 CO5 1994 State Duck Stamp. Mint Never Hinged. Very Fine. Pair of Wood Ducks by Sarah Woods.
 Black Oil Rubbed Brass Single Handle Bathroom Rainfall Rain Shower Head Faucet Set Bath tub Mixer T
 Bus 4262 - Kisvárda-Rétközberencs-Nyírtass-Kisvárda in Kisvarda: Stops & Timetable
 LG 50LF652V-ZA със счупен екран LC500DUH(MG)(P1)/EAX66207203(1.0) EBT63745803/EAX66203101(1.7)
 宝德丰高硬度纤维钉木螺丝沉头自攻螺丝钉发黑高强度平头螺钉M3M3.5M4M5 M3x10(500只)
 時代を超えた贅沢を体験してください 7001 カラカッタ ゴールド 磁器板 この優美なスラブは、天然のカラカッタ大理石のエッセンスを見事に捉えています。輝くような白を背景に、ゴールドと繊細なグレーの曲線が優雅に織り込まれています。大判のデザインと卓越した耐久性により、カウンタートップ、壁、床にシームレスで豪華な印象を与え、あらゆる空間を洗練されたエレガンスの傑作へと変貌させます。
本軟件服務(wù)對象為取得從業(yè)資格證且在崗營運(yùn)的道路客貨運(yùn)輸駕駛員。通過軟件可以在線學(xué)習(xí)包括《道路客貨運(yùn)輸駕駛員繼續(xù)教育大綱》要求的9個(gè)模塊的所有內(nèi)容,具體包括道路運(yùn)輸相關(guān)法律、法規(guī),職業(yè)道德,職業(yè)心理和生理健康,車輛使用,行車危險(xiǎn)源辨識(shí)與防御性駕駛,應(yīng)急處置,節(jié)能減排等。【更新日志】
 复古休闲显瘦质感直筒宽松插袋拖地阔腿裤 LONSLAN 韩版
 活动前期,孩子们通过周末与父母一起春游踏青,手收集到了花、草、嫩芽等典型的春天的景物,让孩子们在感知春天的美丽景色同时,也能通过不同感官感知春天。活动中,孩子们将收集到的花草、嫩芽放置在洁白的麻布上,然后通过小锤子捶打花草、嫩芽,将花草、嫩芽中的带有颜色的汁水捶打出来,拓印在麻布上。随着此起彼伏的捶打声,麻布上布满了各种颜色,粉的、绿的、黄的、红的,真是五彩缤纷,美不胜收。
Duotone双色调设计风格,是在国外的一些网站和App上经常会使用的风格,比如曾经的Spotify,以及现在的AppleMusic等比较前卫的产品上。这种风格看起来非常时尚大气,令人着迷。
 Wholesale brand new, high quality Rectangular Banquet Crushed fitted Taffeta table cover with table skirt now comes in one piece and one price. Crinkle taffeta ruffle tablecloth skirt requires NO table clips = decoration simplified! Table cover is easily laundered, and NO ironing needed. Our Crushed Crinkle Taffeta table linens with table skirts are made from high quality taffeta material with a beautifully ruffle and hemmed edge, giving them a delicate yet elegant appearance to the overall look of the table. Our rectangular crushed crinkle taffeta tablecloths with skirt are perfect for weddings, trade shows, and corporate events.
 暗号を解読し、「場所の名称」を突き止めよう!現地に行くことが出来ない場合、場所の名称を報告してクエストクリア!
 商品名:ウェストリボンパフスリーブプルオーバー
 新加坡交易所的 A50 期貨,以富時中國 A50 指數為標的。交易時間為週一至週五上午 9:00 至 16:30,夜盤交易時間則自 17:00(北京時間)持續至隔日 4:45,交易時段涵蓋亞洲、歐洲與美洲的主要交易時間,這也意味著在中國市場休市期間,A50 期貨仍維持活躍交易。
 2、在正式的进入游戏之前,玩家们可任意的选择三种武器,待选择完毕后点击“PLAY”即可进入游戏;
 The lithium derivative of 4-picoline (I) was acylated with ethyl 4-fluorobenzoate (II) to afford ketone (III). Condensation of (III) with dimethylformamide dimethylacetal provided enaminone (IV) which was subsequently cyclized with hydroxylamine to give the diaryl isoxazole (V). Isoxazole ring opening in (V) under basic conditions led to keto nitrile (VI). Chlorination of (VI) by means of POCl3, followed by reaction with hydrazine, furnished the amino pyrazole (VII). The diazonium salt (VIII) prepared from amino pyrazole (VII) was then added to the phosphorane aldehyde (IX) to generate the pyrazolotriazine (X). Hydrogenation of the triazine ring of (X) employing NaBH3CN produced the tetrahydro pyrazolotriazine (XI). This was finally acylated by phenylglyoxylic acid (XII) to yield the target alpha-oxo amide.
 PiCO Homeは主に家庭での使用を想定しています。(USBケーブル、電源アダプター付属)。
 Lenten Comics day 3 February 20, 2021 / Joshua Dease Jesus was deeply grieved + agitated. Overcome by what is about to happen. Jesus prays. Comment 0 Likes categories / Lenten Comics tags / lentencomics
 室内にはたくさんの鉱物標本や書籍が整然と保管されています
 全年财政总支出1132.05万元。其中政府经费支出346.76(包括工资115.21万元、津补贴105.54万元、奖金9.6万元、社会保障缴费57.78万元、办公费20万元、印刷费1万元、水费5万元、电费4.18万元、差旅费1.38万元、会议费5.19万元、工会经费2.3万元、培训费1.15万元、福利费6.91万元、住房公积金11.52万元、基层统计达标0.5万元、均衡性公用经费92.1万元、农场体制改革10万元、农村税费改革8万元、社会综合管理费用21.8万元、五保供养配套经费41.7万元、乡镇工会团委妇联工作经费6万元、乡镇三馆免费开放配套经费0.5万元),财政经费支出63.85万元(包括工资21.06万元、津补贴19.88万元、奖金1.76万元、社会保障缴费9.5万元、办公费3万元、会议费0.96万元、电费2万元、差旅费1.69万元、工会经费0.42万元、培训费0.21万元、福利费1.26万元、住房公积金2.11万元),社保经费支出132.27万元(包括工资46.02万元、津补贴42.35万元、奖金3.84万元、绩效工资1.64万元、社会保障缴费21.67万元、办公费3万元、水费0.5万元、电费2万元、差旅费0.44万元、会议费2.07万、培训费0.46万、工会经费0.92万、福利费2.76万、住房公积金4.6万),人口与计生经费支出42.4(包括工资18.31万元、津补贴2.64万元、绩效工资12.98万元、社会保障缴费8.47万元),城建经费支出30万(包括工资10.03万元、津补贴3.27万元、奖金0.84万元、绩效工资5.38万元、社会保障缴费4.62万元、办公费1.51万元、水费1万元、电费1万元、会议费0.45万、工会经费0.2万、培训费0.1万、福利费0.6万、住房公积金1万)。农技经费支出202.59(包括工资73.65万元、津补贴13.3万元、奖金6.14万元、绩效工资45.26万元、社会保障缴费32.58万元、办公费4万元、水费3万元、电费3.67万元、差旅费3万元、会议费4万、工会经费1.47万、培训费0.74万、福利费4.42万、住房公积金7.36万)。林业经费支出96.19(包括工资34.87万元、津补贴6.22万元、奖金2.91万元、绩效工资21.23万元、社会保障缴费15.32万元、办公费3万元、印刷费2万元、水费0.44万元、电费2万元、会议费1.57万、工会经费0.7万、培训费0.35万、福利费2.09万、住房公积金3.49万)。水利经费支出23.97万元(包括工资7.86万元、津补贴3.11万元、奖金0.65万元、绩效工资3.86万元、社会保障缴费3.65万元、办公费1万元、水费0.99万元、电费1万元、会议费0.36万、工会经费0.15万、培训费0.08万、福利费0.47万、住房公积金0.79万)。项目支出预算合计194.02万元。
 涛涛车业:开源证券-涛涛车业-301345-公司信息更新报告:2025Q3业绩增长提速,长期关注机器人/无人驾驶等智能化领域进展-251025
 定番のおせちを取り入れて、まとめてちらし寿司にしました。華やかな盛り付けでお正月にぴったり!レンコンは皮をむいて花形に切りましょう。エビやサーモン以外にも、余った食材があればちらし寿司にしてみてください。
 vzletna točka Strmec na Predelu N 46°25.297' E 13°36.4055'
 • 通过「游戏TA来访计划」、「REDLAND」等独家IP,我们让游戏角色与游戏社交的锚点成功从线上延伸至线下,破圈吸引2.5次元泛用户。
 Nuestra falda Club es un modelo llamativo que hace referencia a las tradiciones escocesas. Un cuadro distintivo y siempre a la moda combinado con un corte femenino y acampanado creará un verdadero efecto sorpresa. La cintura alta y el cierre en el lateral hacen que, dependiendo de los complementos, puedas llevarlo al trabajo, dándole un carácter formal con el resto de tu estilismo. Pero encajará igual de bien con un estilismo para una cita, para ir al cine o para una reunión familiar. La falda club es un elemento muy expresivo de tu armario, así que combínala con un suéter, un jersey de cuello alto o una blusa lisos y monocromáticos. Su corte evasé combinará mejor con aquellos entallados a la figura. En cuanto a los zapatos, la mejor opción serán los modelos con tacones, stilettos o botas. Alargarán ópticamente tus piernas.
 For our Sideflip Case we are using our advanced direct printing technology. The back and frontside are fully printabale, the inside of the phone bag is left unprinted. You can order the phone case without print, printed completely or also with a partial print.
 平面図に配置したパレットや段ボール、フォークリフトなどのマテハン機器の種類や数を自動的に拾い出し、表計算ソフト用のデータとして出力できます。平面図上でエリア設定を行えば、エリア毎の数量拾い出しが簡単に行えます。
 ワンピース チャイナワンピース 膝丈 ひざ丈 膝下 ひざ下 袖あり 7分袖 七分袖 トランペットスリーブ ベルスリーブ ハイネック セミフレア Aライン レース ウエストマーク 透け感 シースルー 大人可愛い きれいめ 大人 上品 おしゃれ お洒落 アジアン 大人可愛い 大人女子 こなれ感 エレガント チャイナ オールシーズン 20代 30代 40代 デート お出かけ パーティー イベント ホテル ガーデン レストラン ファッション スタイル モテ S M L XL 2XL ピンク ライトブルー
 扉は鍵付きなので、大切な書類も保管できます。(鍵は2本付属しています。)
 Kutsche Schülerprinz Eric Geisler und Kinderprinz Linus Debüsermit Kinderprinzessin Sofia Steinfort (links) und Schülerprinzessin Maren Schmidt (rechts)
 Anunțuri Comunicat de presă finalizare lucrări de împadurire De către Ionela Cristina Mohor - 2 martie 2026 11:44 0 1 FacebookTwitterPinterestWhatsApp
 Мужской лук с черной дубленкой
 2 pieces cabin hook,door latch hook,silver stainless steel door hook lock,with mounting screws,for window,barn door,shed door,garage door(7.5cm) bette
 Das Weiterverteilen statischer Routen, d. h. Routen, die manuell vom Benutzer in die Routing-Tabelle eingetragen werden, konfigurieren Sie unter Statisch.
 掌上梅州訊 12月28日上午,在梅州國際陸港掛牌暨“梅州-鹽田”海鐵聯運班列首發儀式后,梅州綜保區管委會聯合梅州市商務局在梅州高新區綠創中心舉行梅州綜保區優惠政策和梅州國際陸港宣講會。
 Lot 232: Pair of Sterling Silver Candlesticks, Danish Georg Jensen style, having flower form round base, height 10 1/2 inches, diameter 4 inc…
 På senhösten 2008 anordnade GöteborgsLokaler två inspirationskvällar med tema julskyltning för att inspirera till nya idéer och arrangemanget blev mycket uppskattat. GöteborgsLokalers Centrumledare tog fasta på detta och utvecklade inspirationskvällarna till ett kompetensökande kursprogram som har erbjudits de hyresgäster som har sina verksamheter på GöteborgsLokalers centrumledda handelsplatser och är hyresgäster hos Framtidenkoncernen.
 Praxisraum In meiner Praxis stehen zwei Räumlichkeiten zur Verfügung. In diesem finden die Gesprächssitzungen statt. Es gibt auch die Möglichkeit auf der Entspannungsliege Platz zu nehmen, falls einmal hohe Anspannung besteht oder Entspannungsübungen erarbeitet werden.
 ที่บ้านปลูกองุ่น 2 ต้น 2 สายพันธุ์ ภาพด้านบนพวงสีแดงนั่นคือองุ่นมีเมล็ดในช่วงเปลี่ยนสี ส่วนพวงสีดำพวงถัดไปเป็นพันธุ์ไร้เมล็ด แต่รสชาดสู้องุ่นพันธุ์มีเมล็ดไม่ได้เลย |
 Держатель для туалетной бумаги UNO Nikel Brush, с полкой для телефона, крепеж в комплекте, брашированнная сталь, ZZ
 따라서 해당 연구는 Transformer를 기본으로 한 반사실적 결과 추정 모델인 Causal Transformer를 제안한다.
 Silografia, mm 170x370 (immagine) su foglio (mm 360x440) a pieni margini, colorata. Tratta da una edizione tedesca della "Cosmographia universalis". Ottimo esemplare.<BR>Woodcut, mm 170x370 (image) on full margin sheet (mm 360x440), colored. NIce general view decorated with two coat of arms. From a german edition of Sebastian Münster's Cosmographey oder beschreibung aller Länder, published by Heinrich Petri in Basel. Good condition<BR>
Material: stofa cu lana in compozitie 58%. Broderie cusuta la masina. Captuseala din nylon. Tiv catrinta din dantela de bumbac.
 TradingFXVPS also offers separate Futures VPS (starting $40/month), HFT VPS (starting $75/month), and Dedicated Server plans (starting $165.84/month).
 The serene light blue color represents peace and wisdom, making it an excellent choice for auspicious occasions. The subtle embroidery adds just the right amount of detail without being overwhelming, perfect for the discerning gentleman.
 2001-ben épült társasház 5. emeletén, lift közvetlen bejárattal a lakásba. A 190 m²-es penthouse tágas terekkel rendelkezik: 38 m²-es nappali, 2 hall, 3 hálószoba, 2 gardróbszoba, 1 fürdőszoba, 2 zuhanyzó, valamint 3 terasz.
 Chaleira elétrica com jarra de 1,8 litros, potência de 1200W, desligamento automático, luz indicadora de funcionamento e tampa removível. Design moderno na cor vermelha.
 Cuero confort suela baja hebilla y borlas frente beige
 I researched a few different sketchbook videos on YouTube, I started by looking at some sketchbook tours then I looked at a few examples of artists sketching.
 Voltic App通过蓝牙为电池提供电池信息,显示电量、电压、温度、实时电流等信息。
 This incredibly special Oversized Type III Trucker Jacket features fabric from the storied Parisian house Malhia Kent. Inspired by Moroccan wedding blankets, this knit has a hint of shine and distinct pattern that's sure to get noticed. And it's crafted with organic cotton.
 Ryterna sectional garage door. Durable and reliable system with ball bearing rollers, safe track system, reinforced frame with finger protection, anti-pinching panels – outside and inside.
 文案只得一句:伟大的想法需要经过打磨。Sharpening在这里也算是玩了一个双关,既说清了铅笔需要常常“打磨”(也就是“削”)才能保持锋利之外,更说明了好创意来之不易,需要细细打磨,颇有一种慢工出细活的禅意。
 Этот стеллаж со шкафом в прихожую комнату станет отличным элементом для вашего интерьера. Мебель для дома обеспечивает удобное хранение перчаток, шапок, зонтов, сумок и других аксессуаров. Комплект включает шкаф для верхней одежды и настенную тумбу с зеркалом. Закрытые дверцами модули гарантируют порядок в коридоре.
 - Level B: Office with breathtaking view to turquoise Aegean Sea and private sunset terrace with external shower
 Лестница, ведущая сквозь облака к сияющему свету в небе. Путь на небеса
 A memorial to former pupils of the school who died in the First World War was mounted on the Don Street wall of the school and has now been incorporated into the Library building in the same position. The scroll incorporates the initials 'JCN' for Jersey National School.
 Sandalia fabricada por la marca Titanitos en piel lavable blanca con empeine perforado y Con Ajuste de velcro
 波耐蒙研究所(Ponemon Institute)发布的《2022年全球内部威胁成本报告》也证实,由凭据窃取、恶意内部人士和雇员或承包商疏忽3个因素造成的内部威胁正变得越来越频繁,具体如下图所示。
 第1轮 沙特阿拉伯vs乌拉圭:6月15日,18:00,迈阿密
* * * * * * *
▸ **WHAT YOU NEED TO DO**:
Pull out each line of the listing that holds the string "Pair".

▸ **TASK RESULT**:
 CO5 1994 State Duck Stamp. Mint Never Hinged. Very Fine. Pair of Wood Ducks by Sarah Woods.
 Lot 232: Pair of Sterling Silver Candlesticks, Danish Georg Jensen style, having flower form round base, height 10 1/2 inches, diameter 4 inc…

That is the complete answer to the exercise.